━━━━━ Supplied records

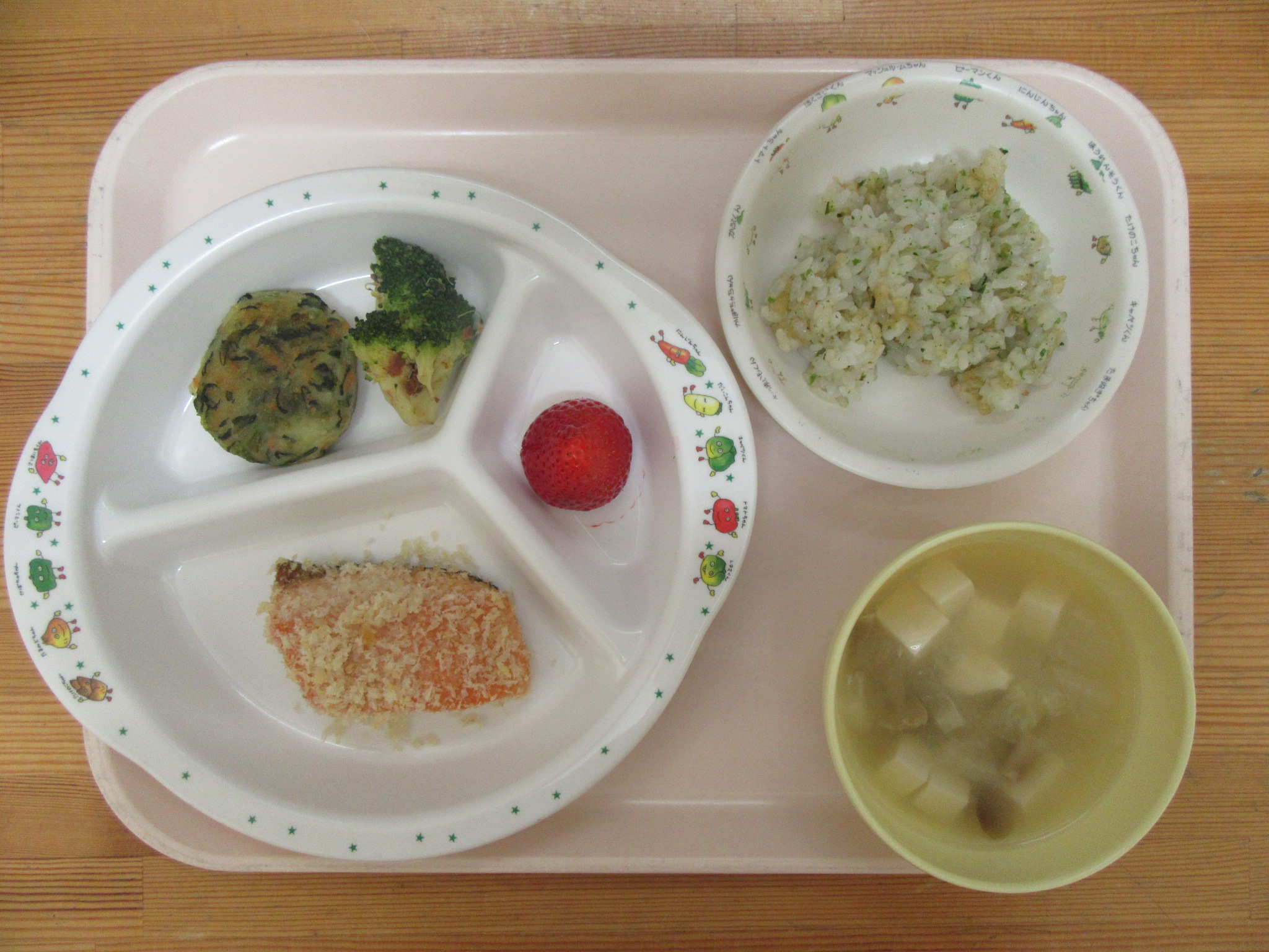 ・鮭のパン粉焼き ・小松菜のポテトおやき風 ・ブロッコリー ・大根としめじの味噌汁 ・イチゴ
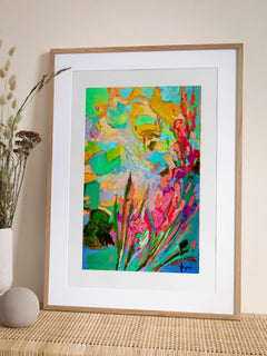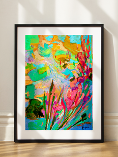 Dieses abstrakte Poster ist eine Explosion von Farben und Formen. Es hat leuchtende Farbtupfer in Gelb, Türkis, Rosa, Rot und Grün, die einen dynamischen, vielschichtigen Effekt erzeugen. Die Farben sind dick aufgetragen und verleihen dem Poster sichtbare Textur. Schwarze Linien setzen Akzente und heben bestimmte Formen hervor. Die Formen und Farben wirken zufällig, es gibt keine erkennbaren Objekte oder Figuren. Das Gesamtgefühl ist energisch, chaotisch und lebendig.
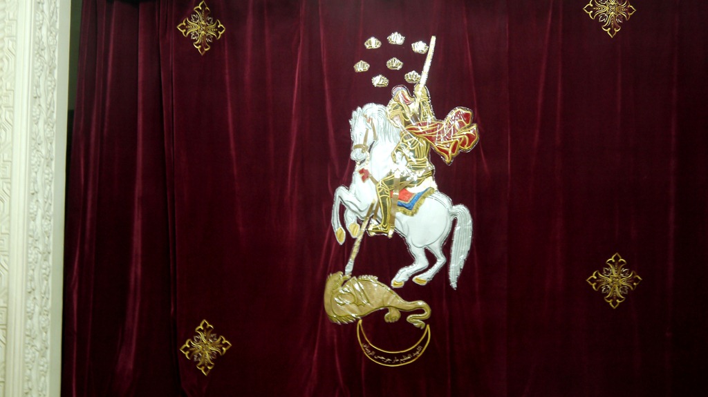 Midden voor hangt een gordijn met een afbeelding van Sint Joris en de draak.
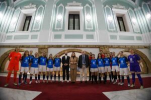 Patricia Cavada mantiene un encuentro con las futbolistas del equipo femenino azulino y su presidente, como muestra del compromiso por la integración y la transformación social gracias al deporte.
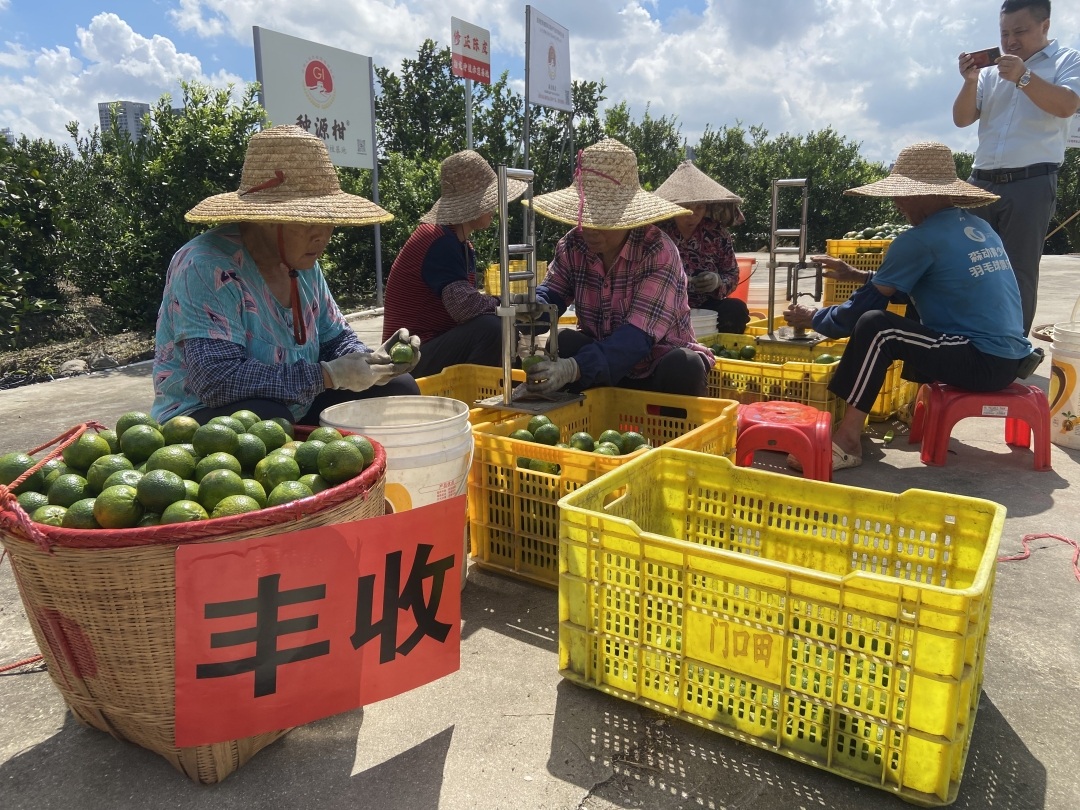又是新会柑采摘上市时!国庆节期间,在江门市新会梅江(产区)百盈柑场,当地的果农们正忙着摘柑、剥皮、晒皮,这标志着首批新会“微红”柑上市,来自珠三角等地的游客纷纷前来采摘。

━━━━━━━━━━

* _Assignment_
When you retype the data above, match every line exactly and leave the pictures behind.

* _Written solution_
 ・鮭のパン粉焼き ・小松菜のポテトおやき風 ・ブロッコリー ・大根としめじの味噌汁 ・イチゴ
 Dieses abstrakte Poster ist eine Explosion von Farben und Formen. Es hat leuchtende Farbtupfer in Gelb, Türkis, Rosa, Rot und Grün, die einen dynamischen, vielschichtigen Effekt erzeugen. Die Farben sind dick aufgetragen und verleihen dem Poster sichtbare Textur. Schwarze Linien setzen Akzente und heben bestimmte Formen hervor. Die Formen und Farben wirken zufällig, es gibt keine erkennbaren Objekte oder Figuren. Das Gesamtgefühl ist energisch, chaotisch und lebendig.
 Midden voor hangt een gordijn met een afbeelding van Sint Joris en de draak.
 Patricia Cavada mantiene un encuentro con las futbolistas del equipo femenino azulino y su presidente, como muestra del compromiso por la integración y la transformación social gracias al deporte.
又是新会柑采摘上市时!国庆节期间,在江门市新会梅江(产区)百盈柑场,当地的果农们正忙着摘柑、剥皮、晒皮,这标志着首批新会“微红”柑上市,来自珠三角等地的游客纷纷前来采摘。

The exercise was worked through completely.